Just jumping in here to say - when you see articles and things online that say “Don’t settle for a relationship without oral sex”, they’re usually addressing a person who enjoys and wants to have oral sex in their relationship, but has not communicated with their partner what they want and need, or their partner refuses to honor those wants/needs.
Everyone should be able to get what they want in a sexual (or non-sexual!) relationship, but that only comes when each person communicates them. I totally hear what you’re saying about not wanting to be turned away by someone if you speak your own
need to not have oral sex - it can be tough to hear a no, especially when there are a lot of narratives out there about frequent oral sex as a foundational part of a healthy relationship. But there are plenty of other people out there who don’t enjoy oral sex, or don’t find having it frequently high on their list of priorities. You shouldn’t have to feel bad about your own needs and wants, and certainly shouldn’t have to force yourself to do something sexual that you don’t really enjoy.
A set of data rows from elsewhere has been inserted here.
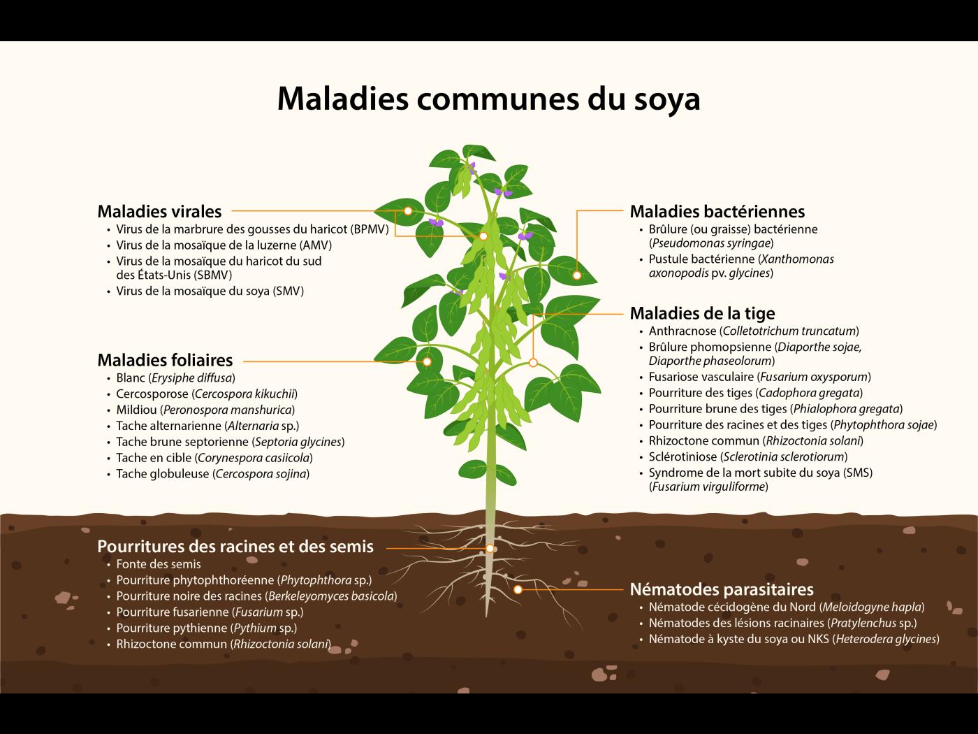 : Illustration des principales maladies qui affectent le soya au Québec.
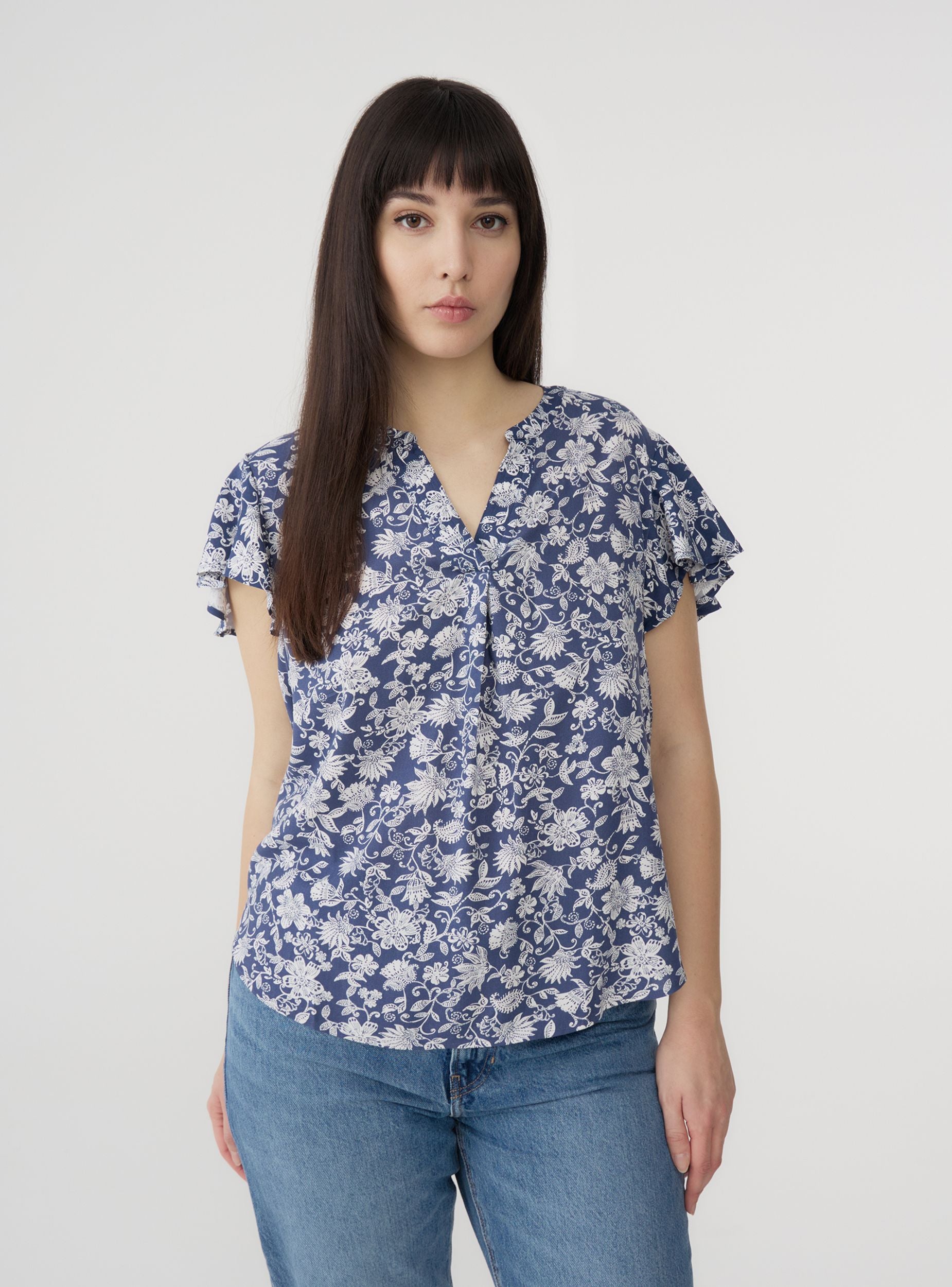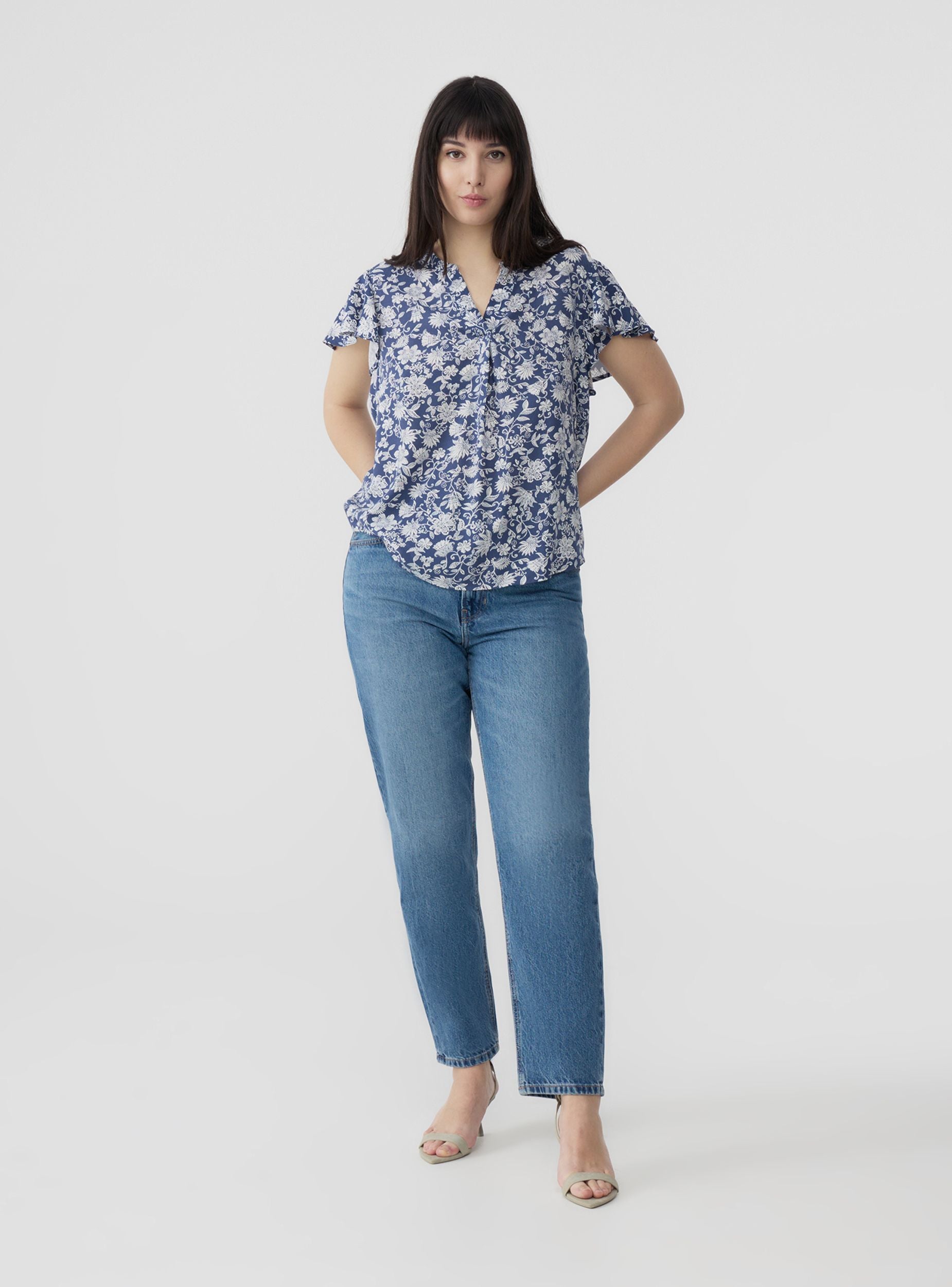 Blusa da donna con un'elegante fantasia che dona un tocco distintivo e ricercato al look. Il design con maniche corte assicura freschezza e leggerezza, ideale per le giornate più calde. Lo scollo a V aggiunge un dettaglio raffinato. Perfetta da abbinare a pantaloni o gonne per un outfit versatile, adatto sia al tempo libero che alle occasioni più ricercate.
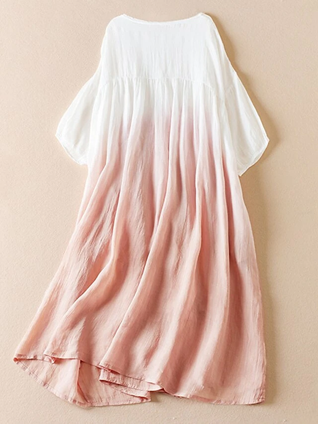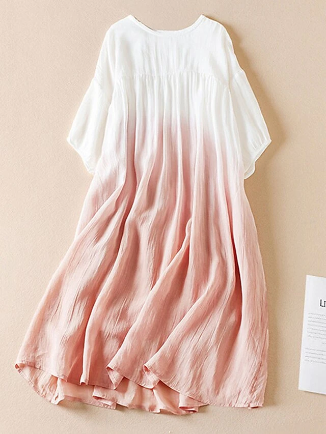 Women’s Casual Dress Cotton Linen Dress Swing Dress Midi Dress Polyester Fashion Casual Outdoor Daily Vacation Crew Neck Pocket Print Half Sleeve Spring Fall Autumn 2023 Loose Fit Pink Blue Brown
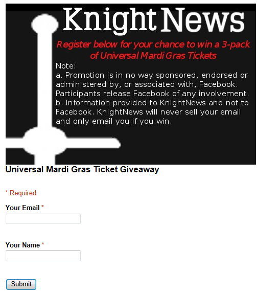Good luck! We’ll announce the winner live on KnightNews.com by March 24. If you have any questions about how to register, email us at news@knightnews.com. Also, see the full terms and conditions on the next page:
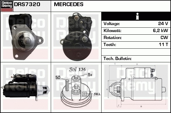 Dodatkowe informacje o produkcie Rozrusznik, Heavy duty Reman DRS7320 DELCO REMY AUTOMOTIVE EUROPE
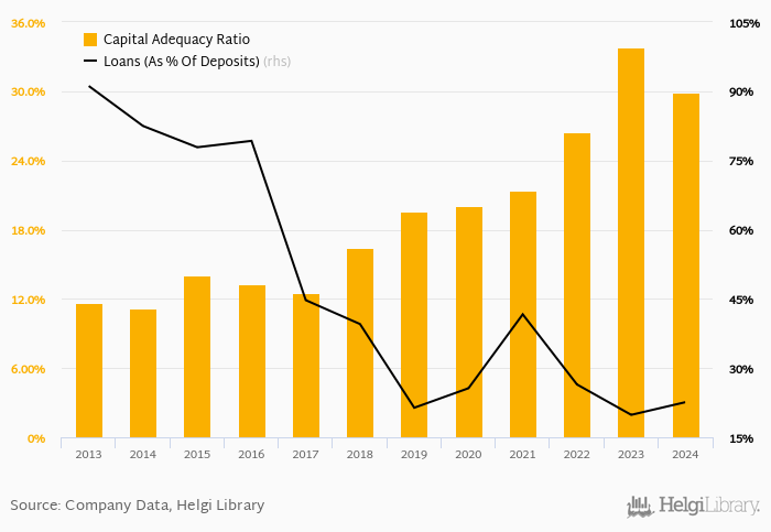 Bank's loan to deposit ratio reached 22.6% at the end of 2024, up from 19.9% when compared to the previous year. Some 10 years ago, loan to deposit ratio of the bank amounted to 82.5%.

In case they might be helpful, I wanted to drop a few articles here: both What’s In A No?
, which is all about keeping that belief in yourself and your inherent worth even if someone turns your down, as well as Be A Blabbermouth: The Whys, What’s, and How’s of Talking About Sex with a Partner
, which is all about asserting what you want and need with someone.
Another thing I wanted to say (and feel free to tell me I sound like a boring old person telling you to be patient, because I hate that) is that navigating when your own wants and needs don’t match up with someone else’s gets easier with time! Everyone has their own particular set of preferences, and part of the risk of hooking up with or dating someone is seeing whether or not you’re compatible!